Problem to work on => Could you retype only the lines from the one containing "Aki and I don’t" through the final line of the entries, both included, skipping any images?

Dataset content =>

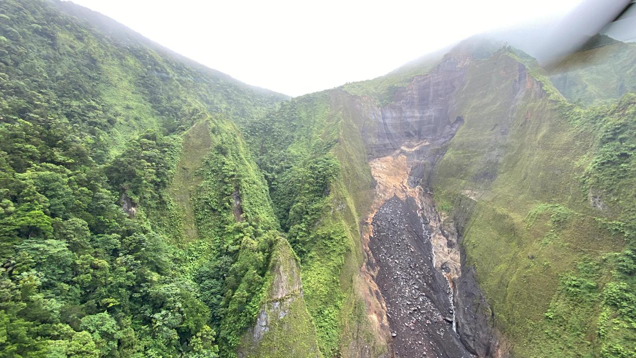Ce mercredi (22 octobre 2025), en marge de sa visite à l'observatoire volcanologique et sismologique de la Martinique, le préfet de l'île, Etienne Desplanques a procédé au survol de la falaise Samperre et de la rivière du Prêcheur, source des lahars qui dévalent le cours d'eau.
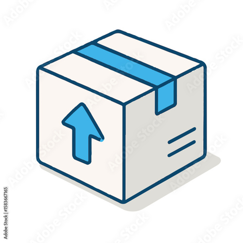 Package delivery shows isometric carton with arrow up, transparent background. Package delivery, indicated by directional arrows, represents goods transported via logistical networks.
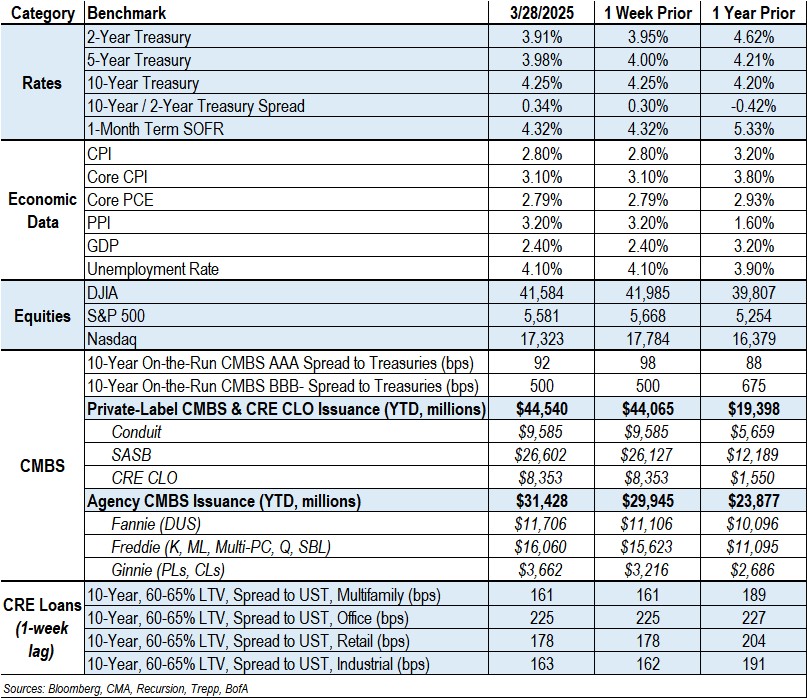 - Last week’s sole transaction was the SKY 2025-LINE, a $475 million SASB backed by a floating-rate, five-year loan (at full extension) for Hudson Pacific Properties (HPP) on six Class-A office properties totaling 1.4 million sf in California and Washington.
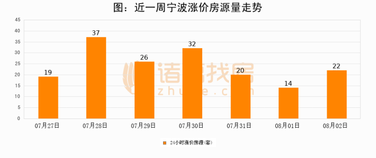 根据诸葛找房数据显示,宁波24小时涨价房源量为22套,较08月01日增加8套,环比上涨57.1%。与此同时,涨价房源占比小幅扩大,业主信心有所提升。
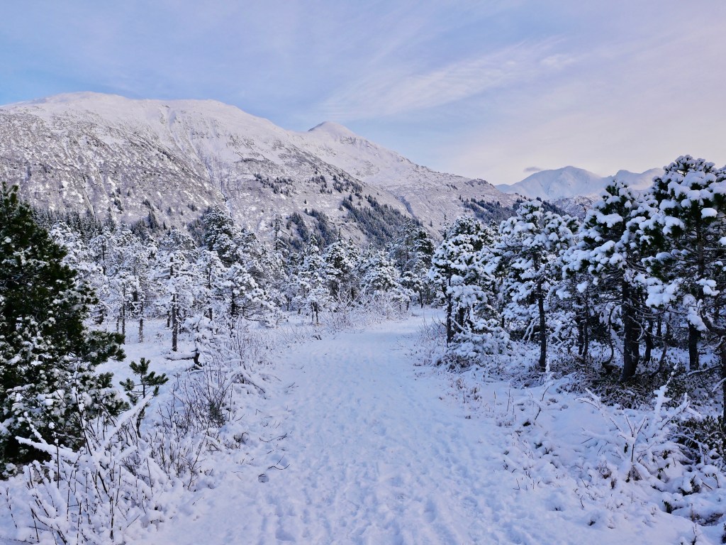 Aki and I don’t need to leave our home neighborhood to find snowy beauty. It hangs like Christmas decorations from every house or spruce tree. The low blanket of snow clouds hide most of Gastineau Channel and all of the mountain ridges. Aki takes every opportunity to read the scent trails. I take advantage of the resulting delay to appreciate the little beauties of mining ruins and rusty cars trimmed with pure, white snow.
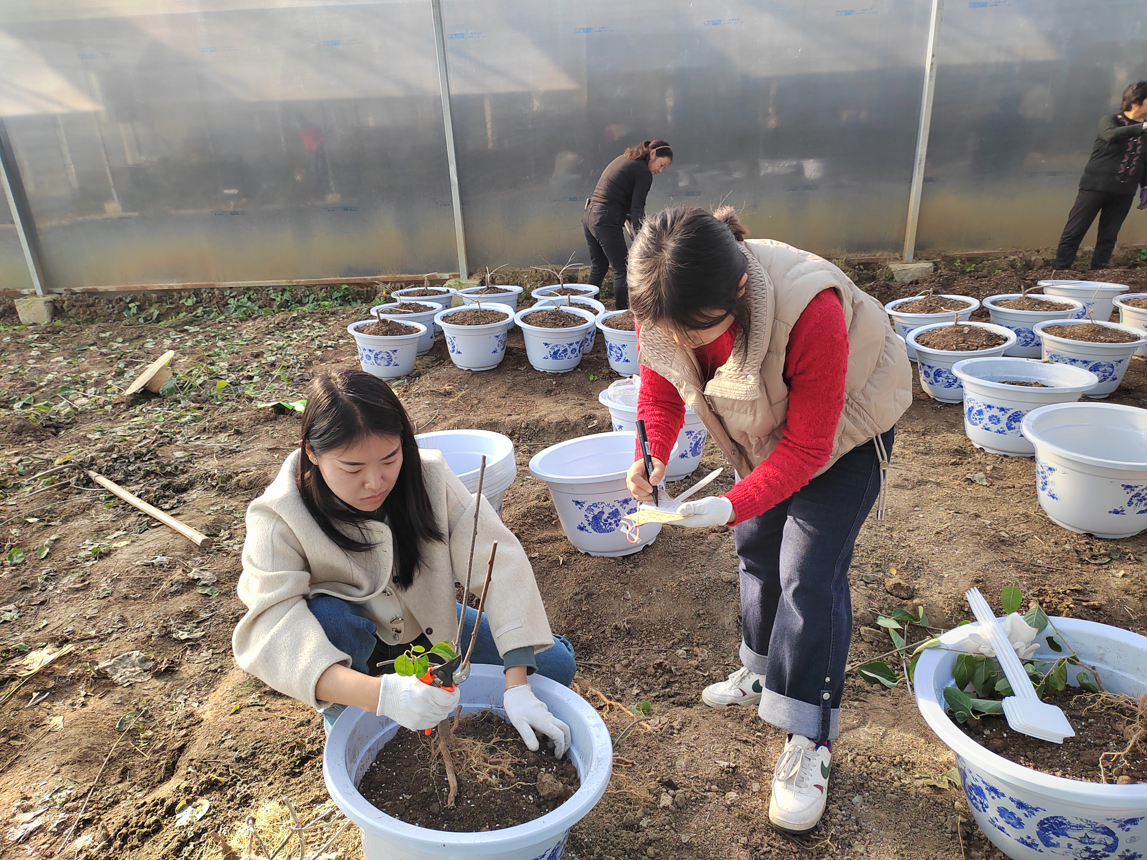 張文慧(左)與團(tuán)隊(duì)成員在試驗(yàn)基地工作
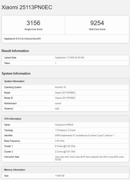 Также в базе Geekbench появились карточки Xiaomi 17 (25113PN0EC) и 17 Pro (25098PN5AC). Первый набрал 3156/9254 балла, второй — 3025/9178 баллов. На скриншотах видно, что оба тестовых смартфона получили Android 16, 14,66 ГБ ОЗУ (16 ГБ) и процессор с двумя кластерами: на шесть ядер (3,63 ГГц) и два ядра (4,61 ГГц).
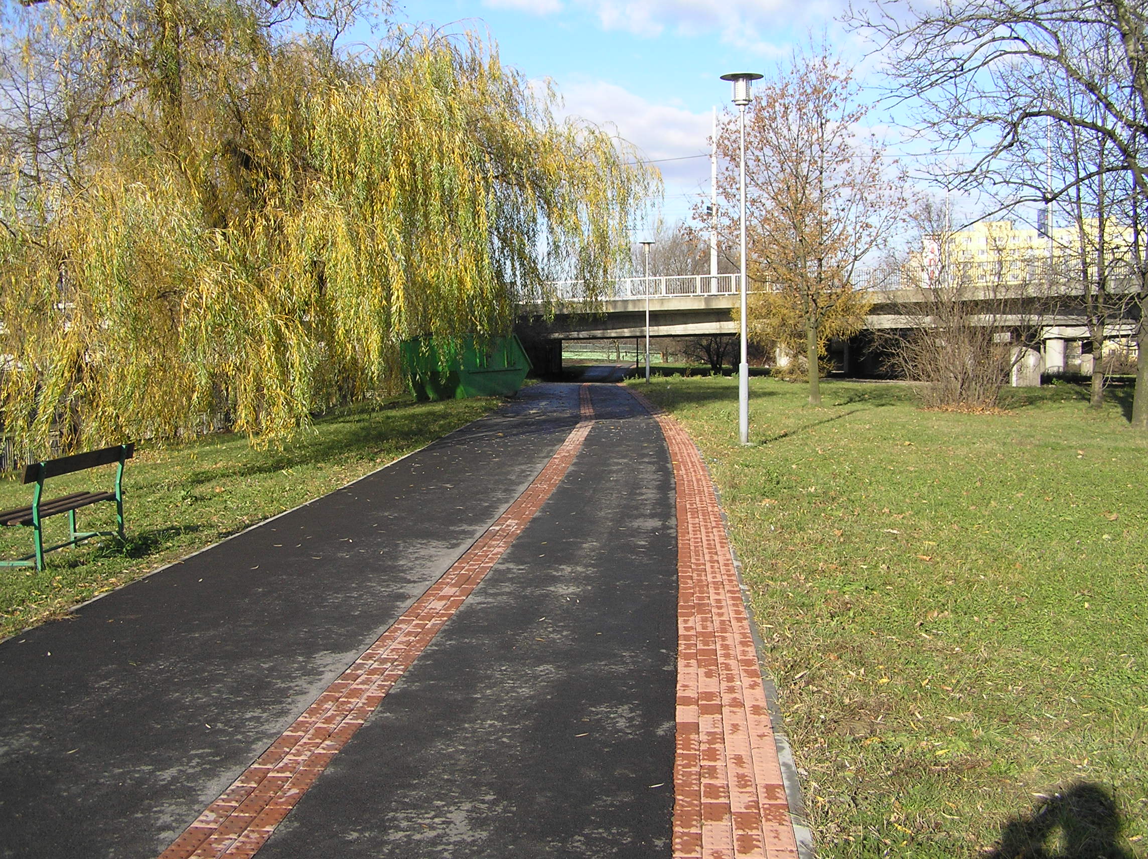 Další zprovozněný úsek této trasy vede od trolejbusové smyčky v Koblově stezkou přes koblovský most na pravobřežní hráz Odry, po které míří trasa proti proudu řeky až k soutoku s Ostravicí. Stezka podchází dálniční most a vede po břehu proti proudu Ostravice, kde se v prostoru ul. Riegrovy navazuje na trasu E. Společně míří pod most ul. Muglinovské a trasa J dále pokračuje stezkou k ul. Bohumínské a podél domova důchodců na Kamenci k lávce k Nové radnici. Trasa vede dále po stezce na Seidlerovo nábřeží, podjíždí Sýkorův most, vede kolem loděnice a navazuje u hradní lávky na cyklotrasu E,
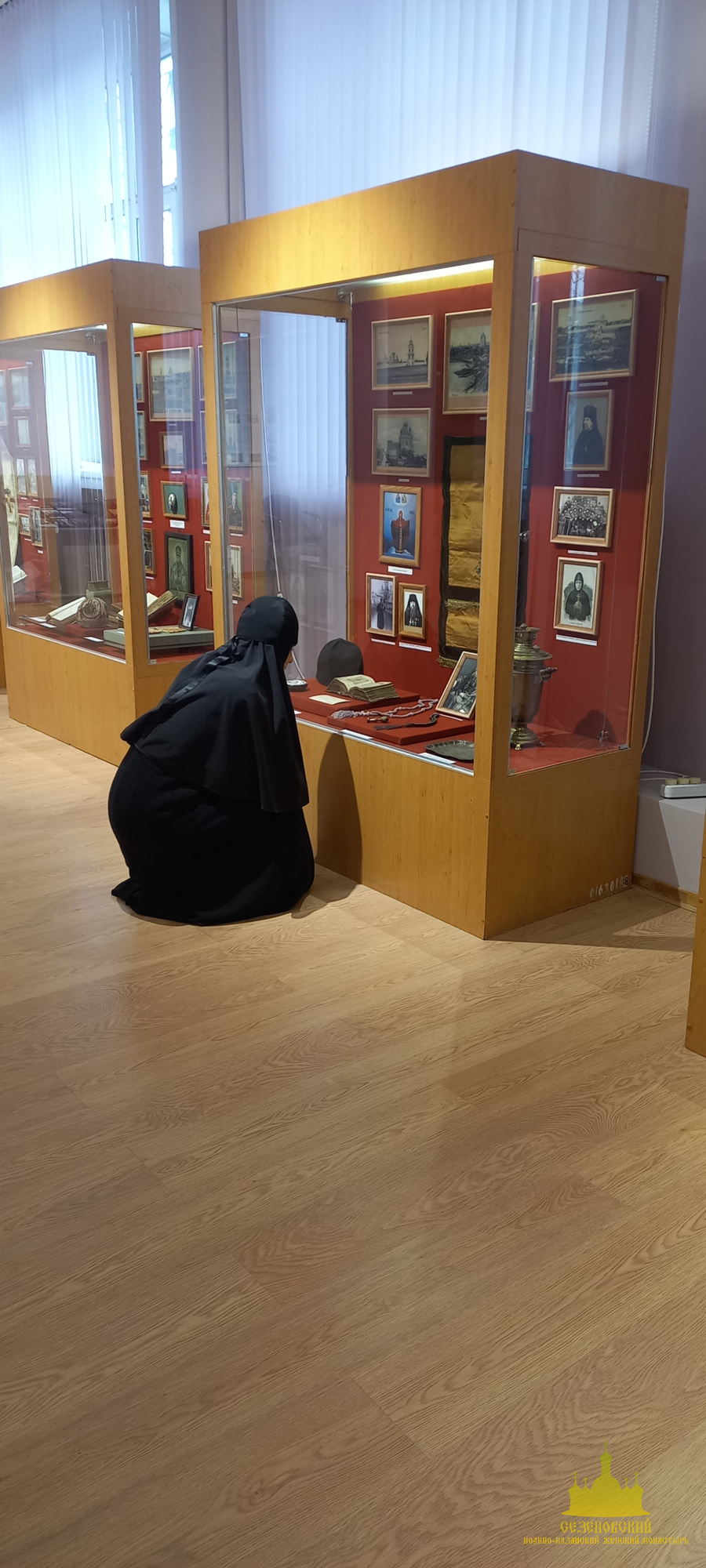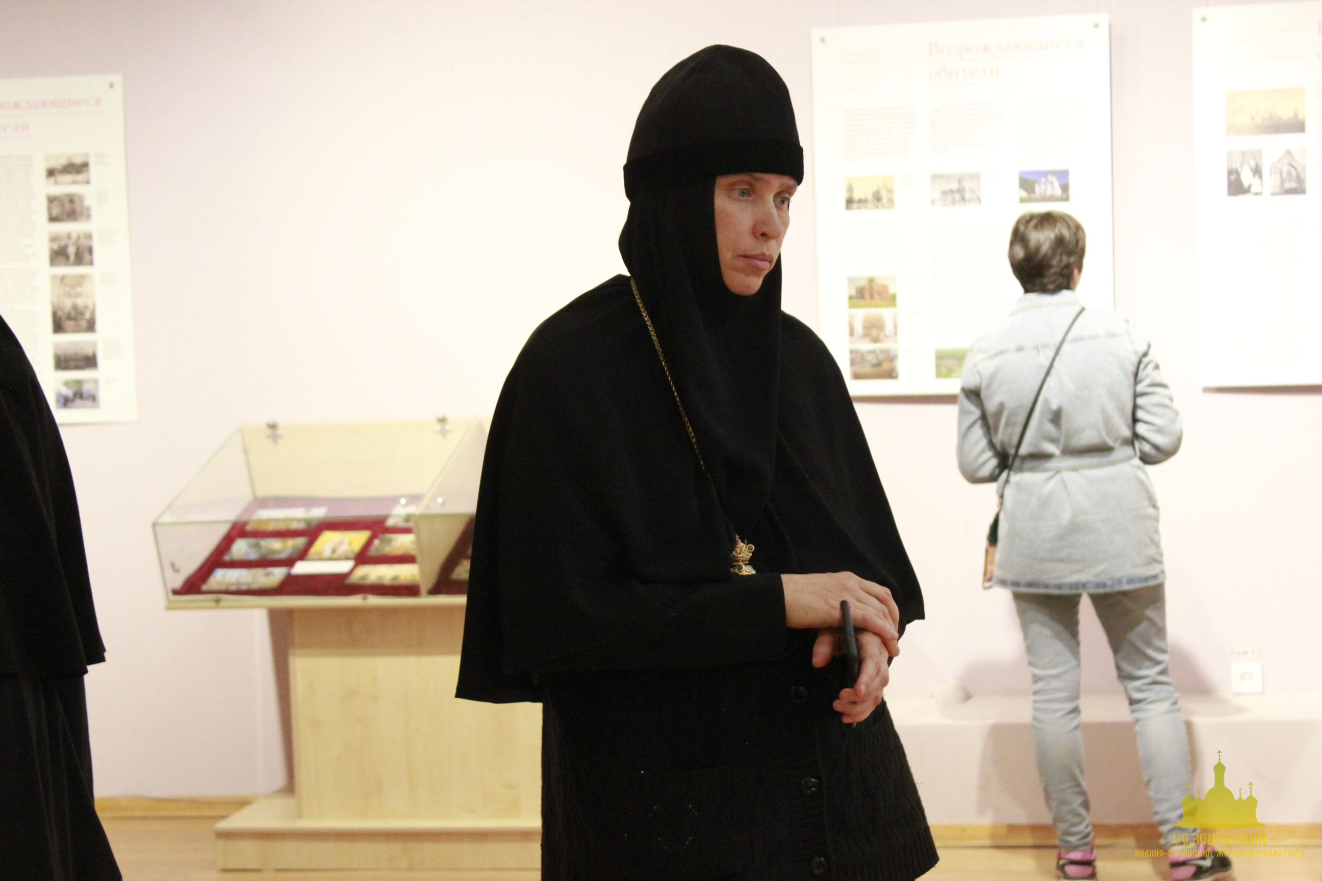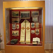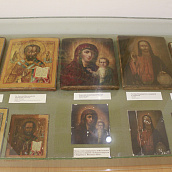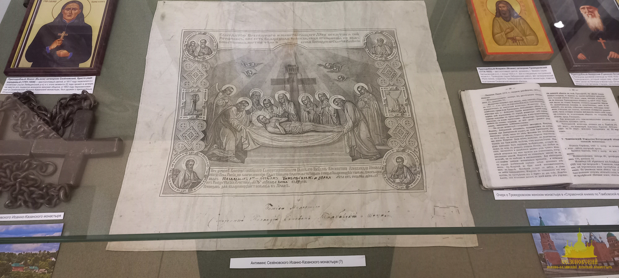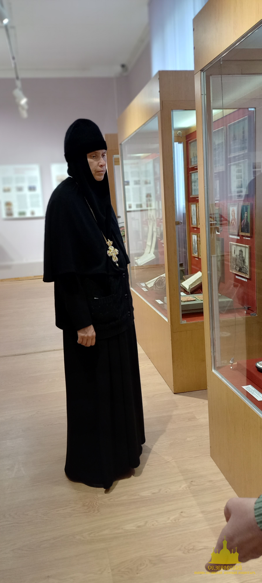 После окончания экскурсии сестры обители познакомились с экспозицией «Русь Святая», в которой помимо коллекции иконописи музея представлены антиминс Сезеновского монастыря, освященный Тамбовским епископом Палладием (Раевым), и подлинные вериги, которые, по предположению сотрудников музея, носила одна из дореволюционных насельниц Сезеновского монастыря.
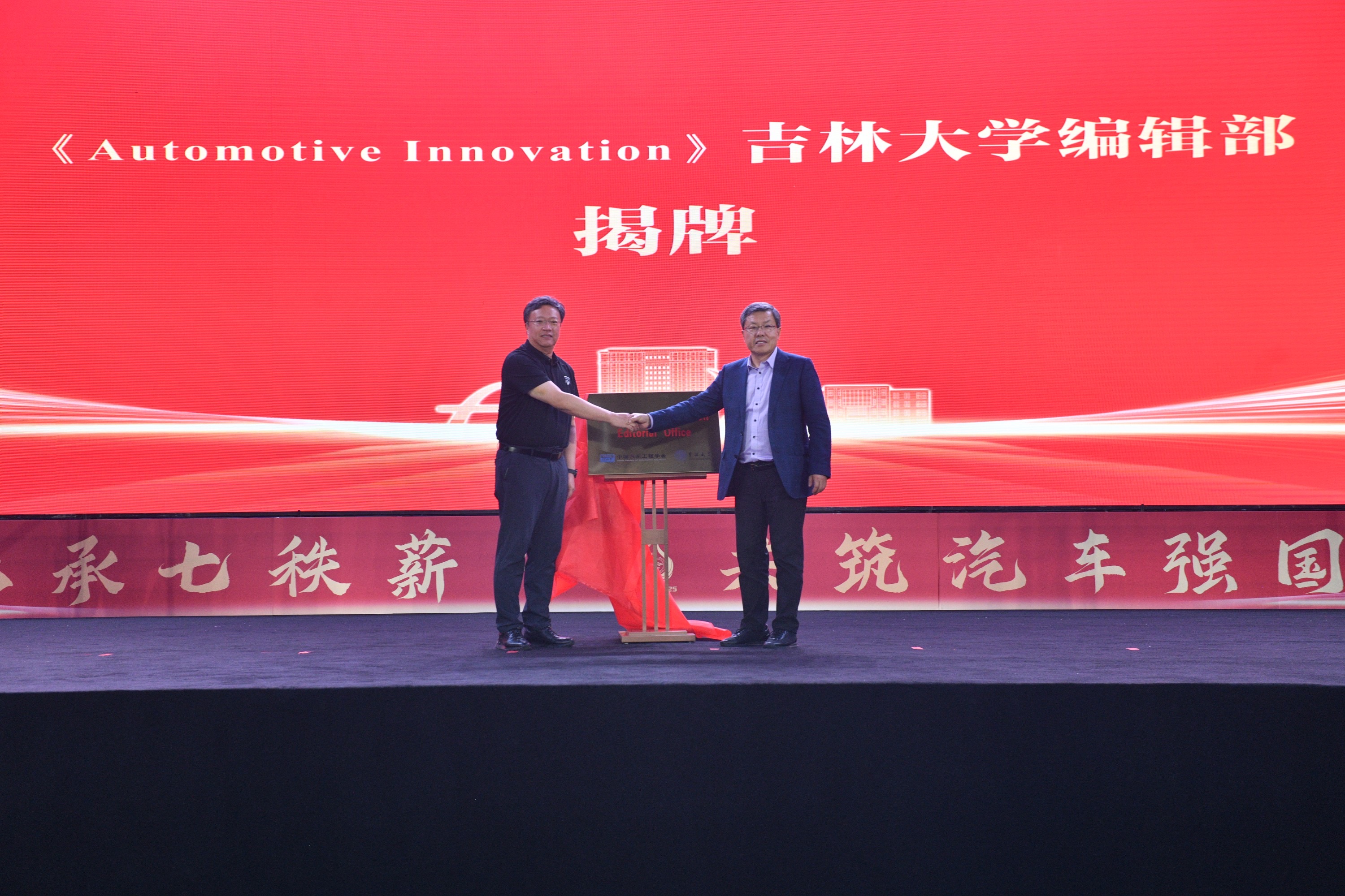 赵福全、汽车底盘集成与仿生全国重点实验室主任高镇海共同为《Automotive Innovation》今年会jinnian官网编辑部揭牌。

Output for this exercise =>
 Aki and I don’t need to leave our home neighborhood to find snowy beauty. It hangs like Christmas decorations from every house or spruce tree. The low blanket of snow clouds hide most of Gastineau Channel and all of the mountain ridges. Aki takes every opportunity to read the scent trails. I take advantage of the resulting delay to appreciate the little beauties of mining ruins and rusty cars trimmed with pure, white snow.
 張文慧(左)與團(tuán)隊(duì)成員在試驗(yàn)基地工作
 Также в базе Geekbench появились карточки Xiaomi 17 (25113PN0EC) и 17 Pro (25098PN5AC). Первый набрал 3156/9254 балла, второй — 3025/9178 баллов. На скриншотах видно, что оба тестовых смартфона получили Android 16, 14,66 ГБ ОЗУ (16 ГБ) и процессор с двумя кластерами: на шесть ядер (3,63 ГГц) и два ядра (4,61 ГГц).
 Další zprovozněný úsek této trasy vede od trolejbusové smyčky v Koblově stezkou přes koblovský most na pravobřežní hráz Odry, po které míří trasa proti proudu řeky až k soutoku s Ostravicí. Stezka podchází dálniční most a vede po břehu proti proudu Ostravice, kde se v prostoru ul. Riegrovy navazuje na trasu E. Společně míří pod most ul. Muglinovské a trasa J dále pokračuje stezkou k ul. Bohumínské a podél domova důchodců na Kamenci k lávce k Nové radnici. Trasa vede dále po stezce na Seidlerovo nábřeží, podjíždí Sýkorův most, vede kolem loděnice a navazuje u hradní lávky na cyklotrasu E,
 После окончания экскурсии сестры обители познакомились с экспозицией «Русь Святая», в которой помимо коллекции иконописи музея представлены антиминс Сезеновского монастыря, освященный Тамбовским епископом Палладием (Раевым), и подлинные вериги, которые, по предположению сотрудников музея, носила одна из дореволюционных насельниц Сезеновского монастыря.
 赵福全、汽车底盘集成与仿生全国重点实验室主任高镇海共同为《Automotive Innovation》今年会jinnian官网编辑部揭牌。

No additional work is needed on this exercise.